I suspect the tools that will succeed best in the “mashup” market are those that are aimed at web developers. So, if you’re looking to see who will “win” the popularity battle out of Yahoo!, Microsoft and Google, you might do worse than to consider those tools from the perspective of the web developer. If you do that, though, you’re into the world of RIA… and then you need to take Adobe, with its great tools, into account; and also possibly Sun with its forthcoming Consumer JRE and JavaFX toolset.

Do you agree with Simon? Do you think Flash/Flex/Apollo does a good job of addressing those questions? If not, why not?

~ by Andrew Shebanow on 04Jun07.

4 Responses to “Know your customer: Pipes, Popfly, and mass acceptance”

  1. “What real world problem(s) is the product trying to solve?”

    Some people just like porn. Same basic idea, it seems.

  2. I could live happily never seeing the word “mashup” again.

    we’re working on Apollo widgets for workflow integration via http to remote sites. but I don’t think that has anything to do with the popular notion of… that m word.

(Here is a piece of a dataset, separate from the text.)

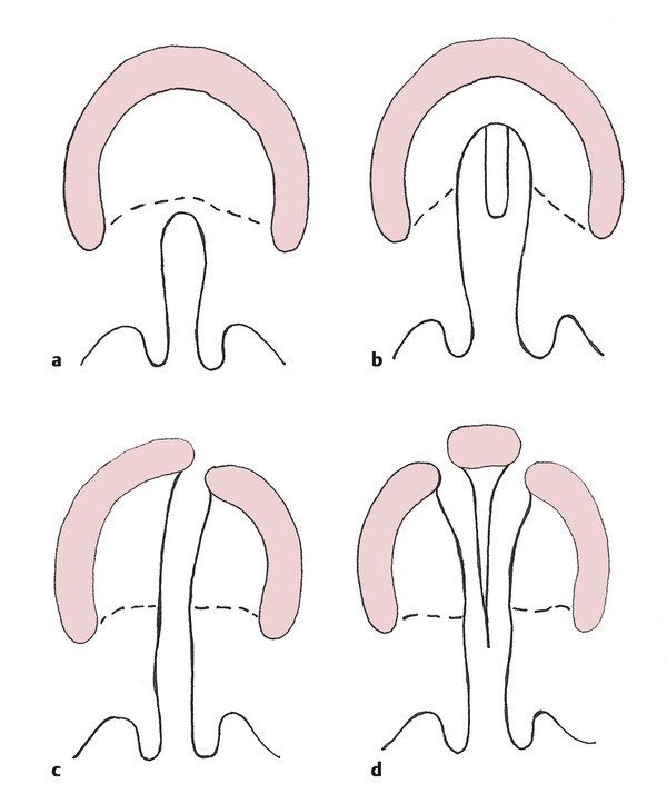 In cleft lip and palate, the defect extends along the junction of the primary and secondary palate, resulting in an alveolar gap. When the alveolus is cleft, lateral incisors are frequently absent and other dental anomalies, such as supernumerary teeth, are common. The palatal component of orofacial clefts is often described using the Veau classification (Fig. 15‑2).

  3. Is iGoogle popular? Do people customize the content, the views? Can I call iGoogle a mashup? At least a presentation mashup?
    Do people use mint? Do they provide information from various sources into mint?

    Just as an application is only as good as a problem it solves, goodness of mashups depends on where and how are they applied. Both hotmail and gmail are email applications. if one of them is inferior does that mean all email apps are useless?

    Traditionally people will not ‘develop’ software. Given a feature, they will personalize. Mashups is talking about extending the personalization to the level where u combine, filter data from multiple sources. Something that yahoo pipes enables you instantly.

    People who use RSS, have sometime or other used some software to aggregate / filter multiple news sources. Yahoo pipes takes that capability to a whole new level. Its much more than what a normal user would think of. But, once a lion has tasted blood, he will need it more and more. Its matter of time before we see mashups getting adopted. It will have its own audience.

  4. I’m pretty sure Google has their own ways of tracking such things, and doesn’t need mint. In fact, they give away just such a service for others to use (google analytics). At any rate, I haven’t seen any numbers for iGoogle vs the standard Google home page.

    At any rate, I wasn’t saying that Yahoo! Pipes or Popfly was useless. They clearly are useful to some. What I am saying is that they will never reach a mainstream audience and thus were overhyped. Yahoo! Pipes has been out for nearly two years, and Popfly almost as long. I wrote this blog post more than a year ago. Both are far from mainstream now. How long do you think it will take before the mass acceptance comes?

    As for the more general topic of mashups, I have used any number of them myself, most of which build on top of google maps. The success of those particular mashups relates to the problem they are trying to solve and how well they solve it.